フィアレス・ドラグニール・マークファス
巨大な石造りの森とでも言うべきであろうか、だだっ広い空間に石柱が立ち並び、ニンゲンが生活するには一つも得にならない構造になっている。明かりも最低限であり、その場所の殆どは暗黒が支配していた。
そんな世界の正面、奥の奥に一つだけ、煌煌と照らされた椅子がある。華美は無く、機能も無く、ただひたすらに質素な木の椅子だ。
入口から歩いて来たであろう女性はそこに腰掛け、脚を組み、背を預けて腕を組み、虚空を見上げる。
「死にましたわ」
女性――フィアレス・ドラグニール・マークファスが、ポツリと呟く。
この何も無い、椅子しかない空間は竜精の玉座の間だ。財宝竜の娘と言われる彼女にしては、あまりにも空虚であり、色も味気も無い。ここは神殿であり、家であり、長すぎる年月を過ごす竜精の唯一心休まる、かつそれしかない場所である。
生を受けて三〇万年。成長は無く、老いも無く、産まれたままの姿で過ごして来た。竜によって生み出されたその瞬間から完璧である竜精に、変化などというモノは無い。
もし、そのようなモノを感じてしまっているならば、それは欠陥だ。構造上の欠陥、認める訳にはいかない。自身は序列第六位。魔力が最も濃い時代に編まれた、究極生命体なのだから。
まさか、まさかまさか。それほどまでに完璧な生物である自分が、エルフ一匹に殺されかけるなど、しかも、情けまでかけられるなど、あり得ない。あり得てはいけない。

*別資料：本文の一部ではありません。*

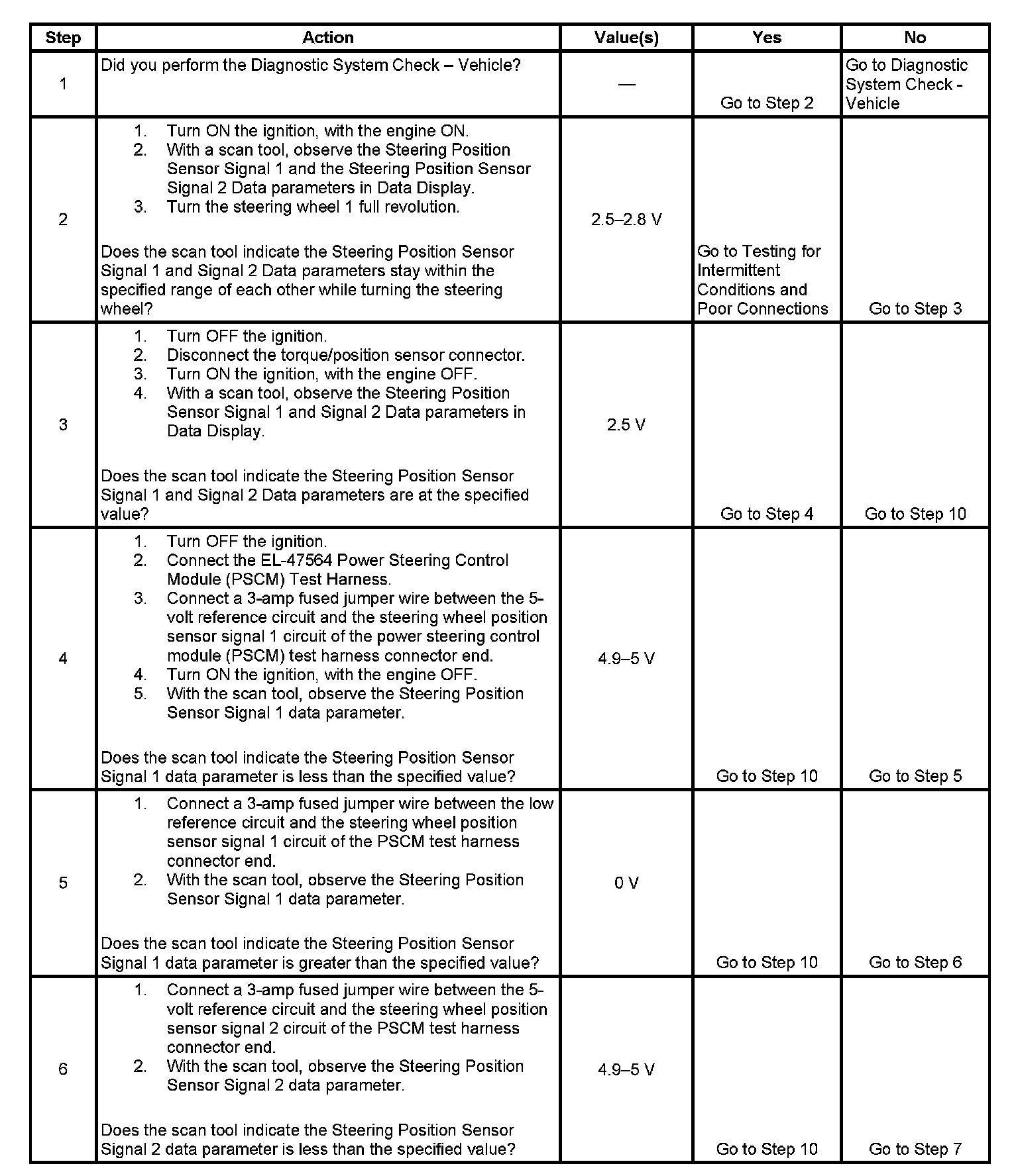 The steering wheel position sensor is a 5-volt dual analog triangle signal device which is used to sense the steering system's center position to provide equal return to center and on center feel. The valid signal voltage range of the sensor is 0-5 volts. The sensor's 2 signal voltages will increase and decrease within the valid signal voltage range and stay within a voltage range of each other as the steering wheel is turned.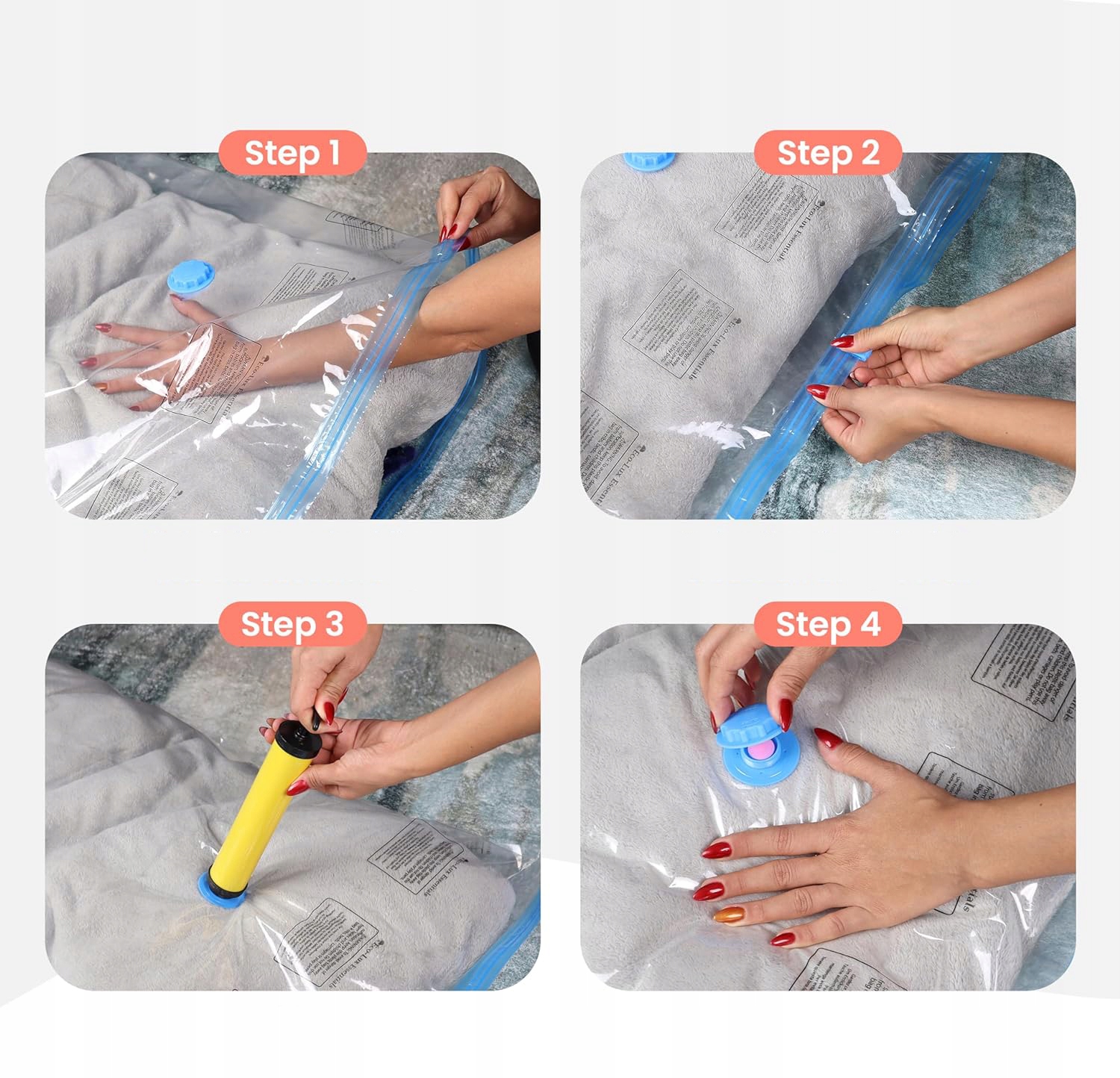 - Вакуумні пакети можна використовувати вдома, а також під час подорожі чи переїзду, багаторазового використання.

(首を落とされるどころか……ヒトに触られるなんて初めて。わたくし、まだキスもしていませんのに。酷い話ですわ)
曰く、化け物の中の化け物。
曰く、自由意志を持った自然災害。
曰く、絶望の具現。
一度その場に現れたならば、一切合財何もかもを平かにしてしまうのが竜精だ。
大樹の意志に歯向かう者、大樹の意向にそぐわない者、大樹に不敬を働く者、大樹に都合の悪い者。これ等をこの世から抹消し尽くす使命を帯びて産まれた竜精にとって、ニンゲンなど歯牙にもかけないものである。

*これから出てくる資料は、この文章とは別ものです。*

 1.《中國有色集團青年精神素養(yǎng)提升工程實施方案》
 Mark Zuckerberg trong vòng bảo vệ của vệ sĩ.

ニンゲンや神に対する態度は、竜精ごとに趣味趣向の違いはあろう。暇つぶし、気まぐれ、多々あれど、最終的には全部殺す。ニンゲンは塵芥、路傍の石、部屋の隅に溜まった埃、その程度に認識している者も多い。
そういう意味でフィアレスはニンゲン的だ。他の苛烈な竜精に比べ、部下からも慕われているし、懇意にしている神やヒトも多い。
何故かと言えば、この神殿が物語っていよう。暇なのだ。たとい百年も経たずして滅びるニンゲン相手とて、たった一時の触れ合いとて、自身の慰めになるものであると、フィアレスは考えている。慰め、そう、慰めでしかないが――自分は、他の竜精とは違っているのかもしれない。
それが欠陥だろうか。欠損だろうか。
そも、このような悩みに、頭を抱え……思い出す度に、顔を赤らめてしまう事自体、他の竜精には無い事なのかもしれない。

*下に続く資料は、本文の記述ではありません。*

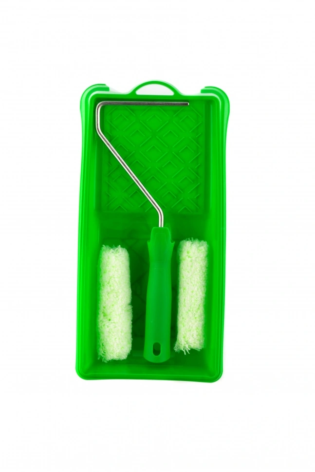 Малярный набор для работ по дереву Сибртех 80454 включает 2 сменных мини-валика шириной 110 мм, бюгель и кювету размером 150 мм х 290 мм. Он используется для нанесения антисептиков, пропиток, грунтовок, лазури, защитных составов и прочих невязких материалов. Шубки из микроволокна отличаются высоким коэффициентом впитываемости и отдачи краски, что обеспечивает ее равномерное нанесение на древесину различной фактуры.ПреимуществаУдобное окрашивание небольших поверхностей — мини-валики имеют ширину 110 мм, поэтому подходят даже для труднодоступных участков.Прочная кювета — она выполнена из высококачественной пластмассы и устойчива к механическим нагрузкам.Экономный расход лакокрасочных материалов — благодаря специальной конструкции кюветы излишки краски стекают в ванночку, а не скапливаются на раскаточной доске.Комфортная эксплуатация — эргономичная рукоятка бюгеля обеспечивает удобный захват, что снижает усталость мастера во время длительной работы.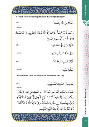 Solat Tarawih h. Setelah selesai rakaat ketiga belas (13) dan keempat belas (14): Bilal: Jemaah: Bilal: Jemaah: Bilal: Jemaah: i. Setelah selesai rakaat kelima belas (15) dan keenam belas (16): Bilal: Jemaah: Panduan Amalan Ramadan 176

(まさか、十全皇の囲っていた男だなんて。というか、恋なんてしますのね、あのバケモノ)
目で見て、知識で、お話で、愛だの恋だのというモノについては、知っている。まるで経験は無い為、そもそも異性が云々などという話題が竜精間で取りざたされる事など無い。なので感覚としては全くもって不可解極まるが、あの龍はニンゲンに恋しているという。
最古の龍だ。大樹『ユグドラーシル』の子である古竜三柱と同年代に産まれた、この世界で最も古い龍である。形態の違いか、呼び名は竜と龍で異なるが、同質のものだろう。永遠に近い時間を生きた竜精ですら、十全皇などという怪物は理解出来ない。
(あの女が、躍起になって探す程の男ねえ……占有根幹魔力を行使出来るって器がまず、ニンゲンとしてどうかしているっていうのは……分かるけれど……メリットは? その恋なるものに、あの女は利益を見ているのかしら)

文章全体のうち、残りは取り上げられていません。